If the fly looks buggy, you can catch fish on it. In fact, you don't really know how to tie flies. If you use some fur, yarn and feather pieces and a hook, you can make flies. All you need is a hot glue gun. Strips from shiny mylar potato chip bags work well for wrapping body material. Put a drop of hot glue at the hook bend. Attach your material to the hot drop, wrap all your body materials forward to the eye, attach a wing of feather or hair, put another small hot drop to hold all that together and form the head. Paint that like the head of a bug. (shiney black is good)

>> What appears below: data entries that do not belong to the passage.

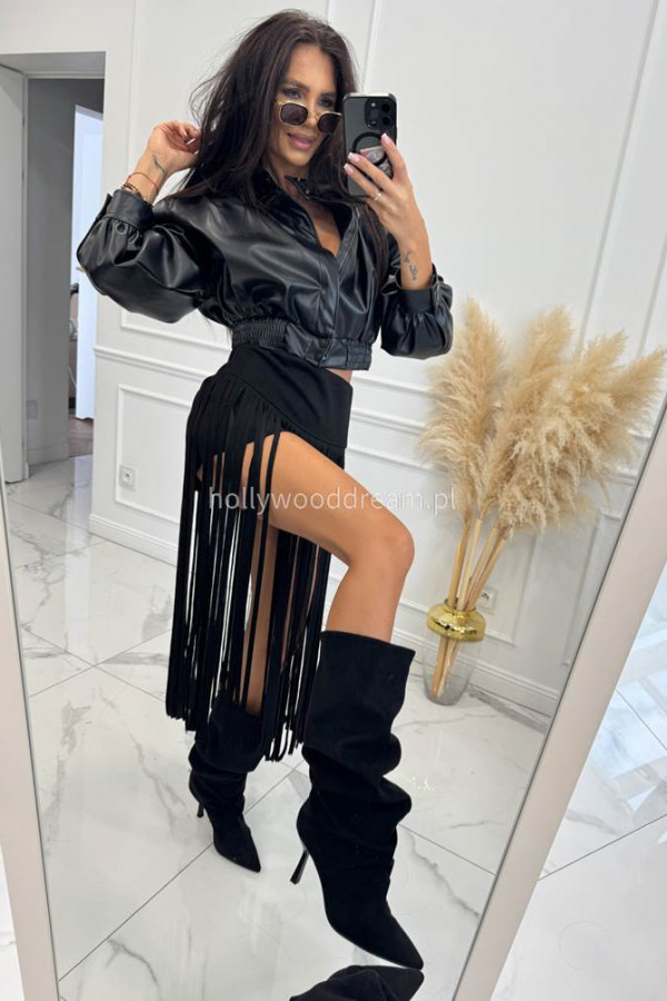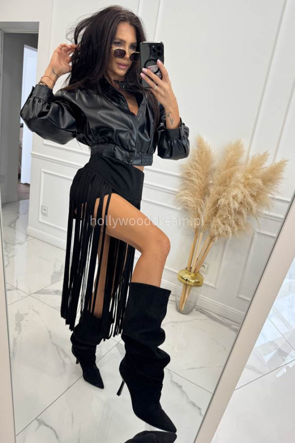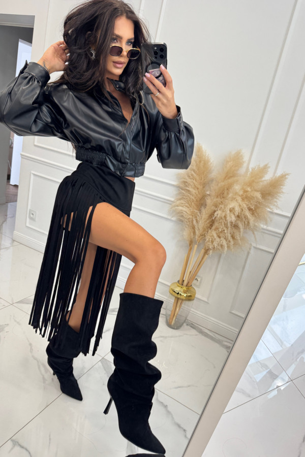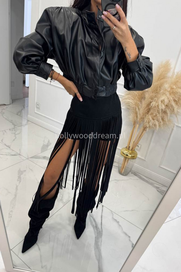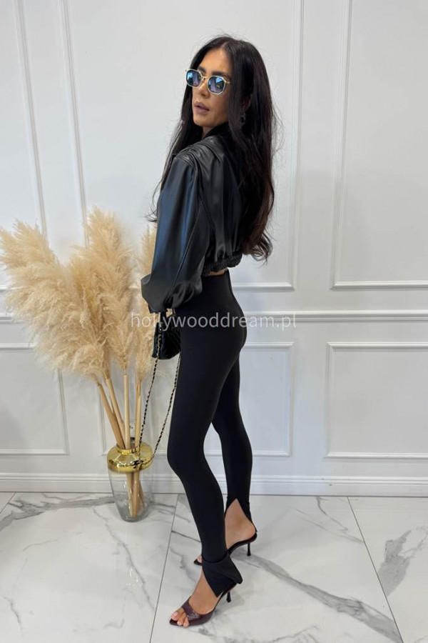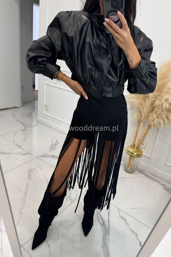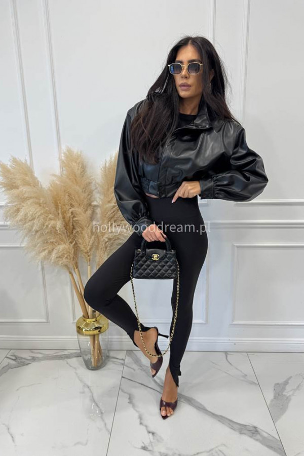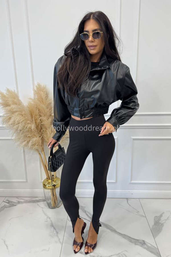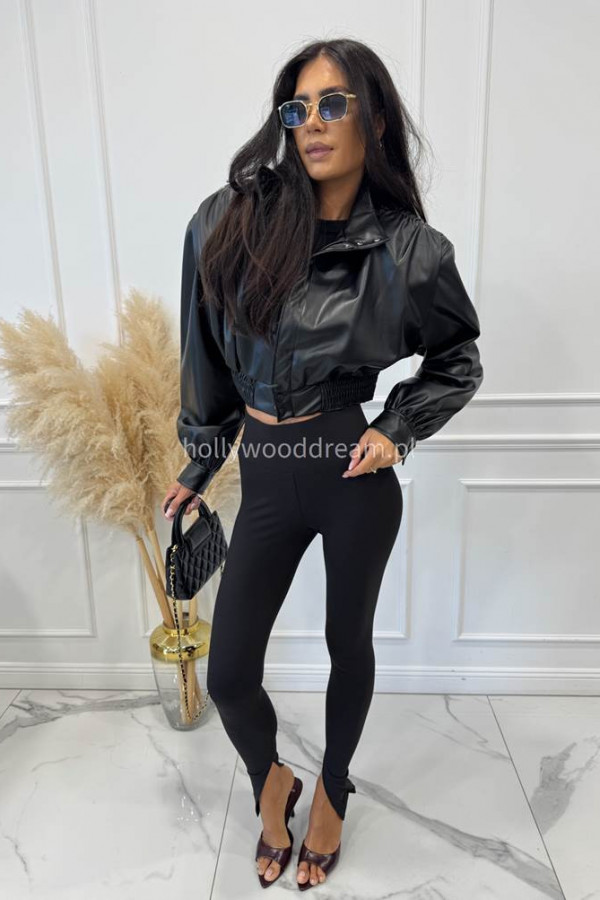 Kurtka z eko skóry z marszczeniami na ramionach czarna Fabiola 69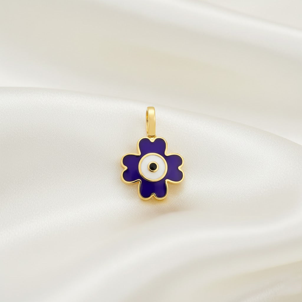 14 Ayar Altın Nazar Yonca Kolye
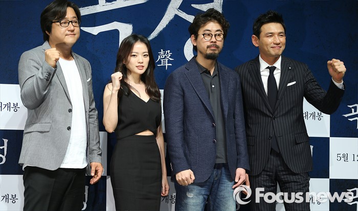 '곡성'은 나홍진 감독이 '황해' 이후 6년 만에 국내 영화에 복귀한 작품이다. 곽도원, 천우희, 황정민 등이 작품에서 열연했다. 이는 오는 5월 12일 개봉해 관객과 만날 예정이다.(서울=포커스뉴스) 7일 오전 서울 강남구 압구정 CGV에서 열린 영화 '곡성' 제작보고회에 참석한 배우 곽도원(왼쪽부터), 천우희, 나홍진(감독), 황정민이 포토타임을 갖고 있다. 2016.04.07 김유근 기자 '곡성'에서 종구 역의 곽도원, 무명 역의 천우희, 일광 역의 황정민(좌측부터) 캐릭터 포스터. <사진제공=폭스 인터네셔널>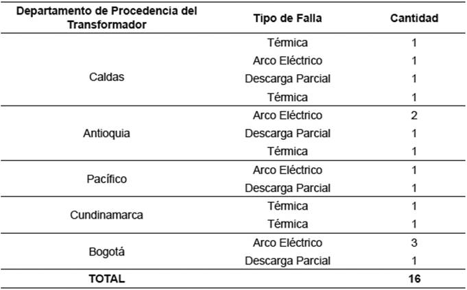 En la presente investigación se utilizaron restos de equipos fallados suministrados por la empresa colombiana FYR Ingenieros C.A, que se encarga de repararlos o fabricarlos. La Tabla 1 muestra cuarenta y siete (47) transformadores, de los cuales fueron seleccionados dieciséis (16) de acuerdo al tipo de falla por una parte, y por la otra, por cuestiones de costos para algunas pruebas experimentales, además de uno (01) que sirve de referencia para la muestra patrón. A continuación lo indicado: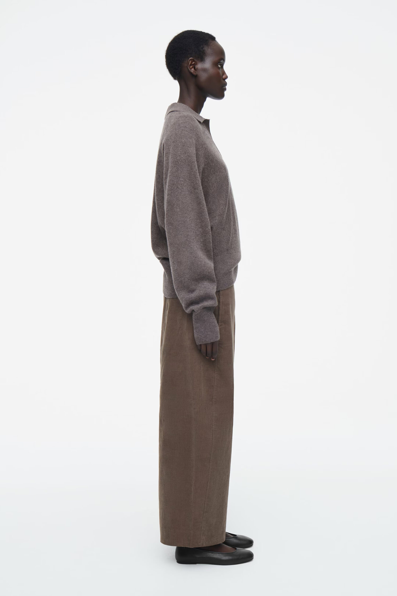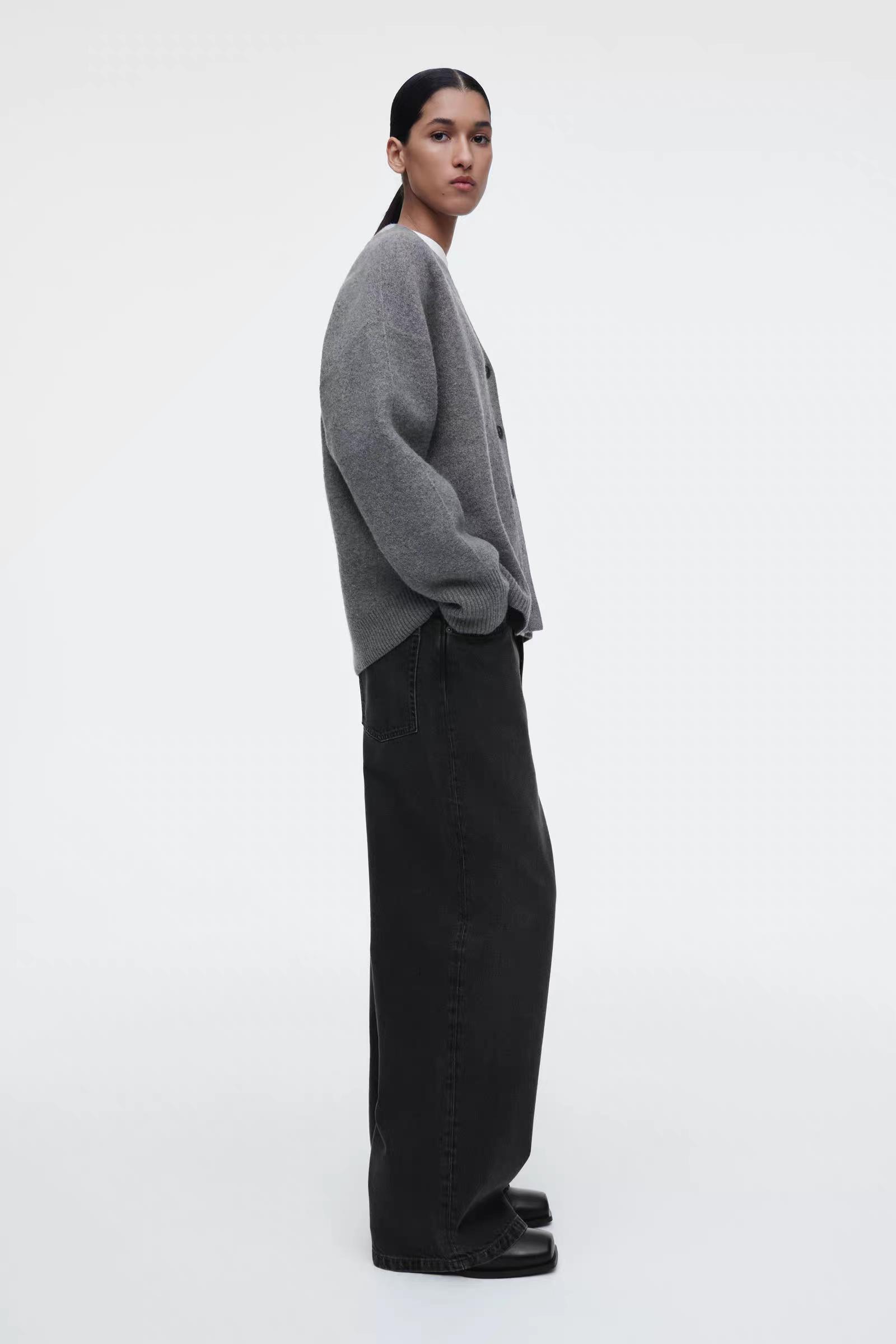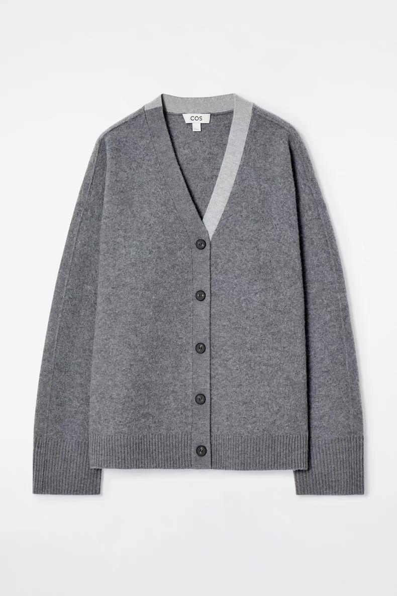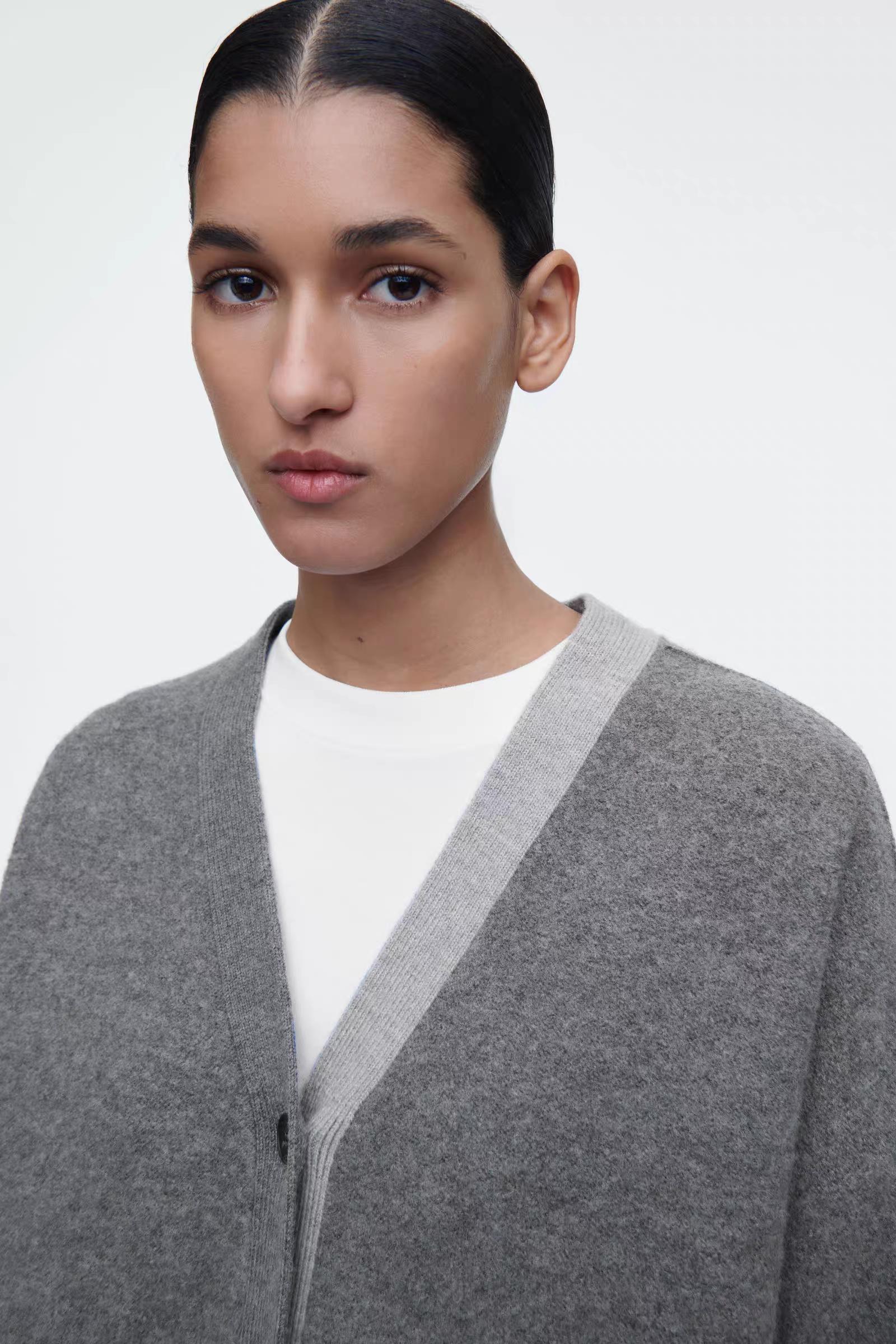 Артикул: 1258542001 Состав:100% шерсть Свитер в тонких оттенках серого изготовлен из чистой шерсти, сертифицированного RWS. Он имеет свободный крой и двухцветные лацканы. -Свободный фасон; Длина спереди для размера S составляет 55 см / Модель одета в размер S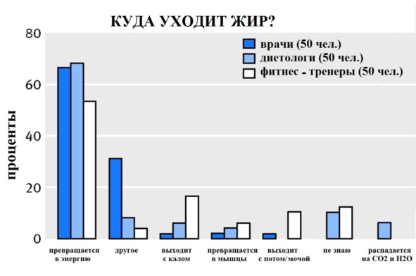 Был даже проведён опрос 50 докторов, 50 диетологов и 50 фитнес-тренеров, и более 50% всех из них считали, что жир превращается в энергию39.
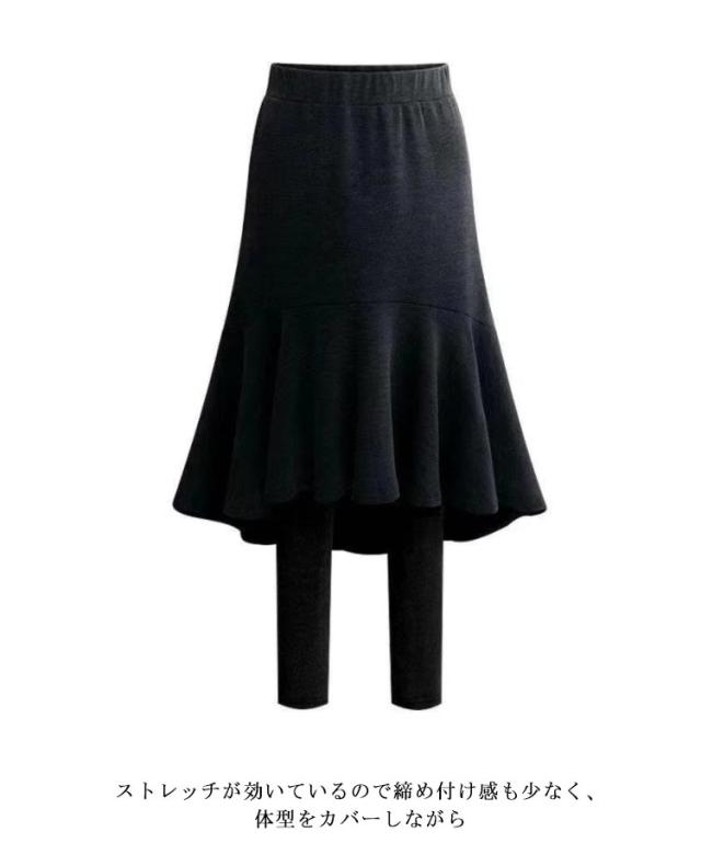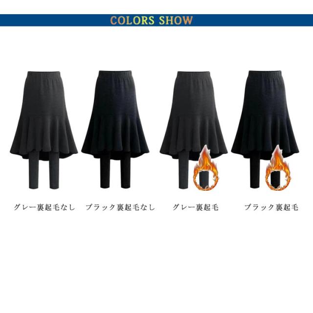 スカートレギンス 防寒 フレアスカート スカートレギンス 膝下丈 タイツ 大きいサイズ スカート付きレギンス 重ね着風 スカート付きレギンス あったか 冬 レギンス ウエストゴム 黒 グレー 秋 レギパン 暖かい 裏起毛レギンス レギパン レギンス パンツ

You don't need to pay 6, 7, or 8 dollars for a fly. make your own for pennies. If it looks like a bug and twitches like a bug on the water .... fish will eat it.

Ohio Rusty ><>


----------



## tinknal (May 21, 2004)

I've heard said of fly fishing that it takes 10 minutes to learn and a lifetime to master.


----------



## netexan (Jan 3, 2008)

You're right tinknal. You can hot glue stuff together like rusty or heck why not just fish with corn? I've seen some big browns refuse a fly because it's a half size off and the drift is isn't right but rusty probably knows more about it than me. Just because you've caught a fish doesn't make you a fisherman, let alone a flyfisherman.


----------



## big rockpile (Feb 24, 2003)

netexan said:


> Good luck Rock. What weight rod are you using? Are you fishing a floating line or sink tip? Weight forward or double taper? Are you planning on fishing dries, nymphs and streamers? And what kind of fish are you targeting?
> I've fly fished all over this country, guided for it in AK and WY and have taught dozens of people the basics. It's not that difficult to get started but there are things that will take lots of practice to get right, like mending your line- throwing a curve into it so you're not drifting your line over a fish before the fly goes over him, roll casting, steeple casting, etc.
> I'll be happy to help you in any way I can, if I can. lol.


Ok I got 9' 5w,Floating WF Line,using Nymphs and Streamers.Got 7.5 Leader figured it would be easier to work with.

Figure make trip to the river,get away from people and figure it out down there.

big rockpile


----------



## netexan (Jan 3, 2008)

Sounds like you're on the right track. If you have any problems sing out and I'll try to help if I can.


----------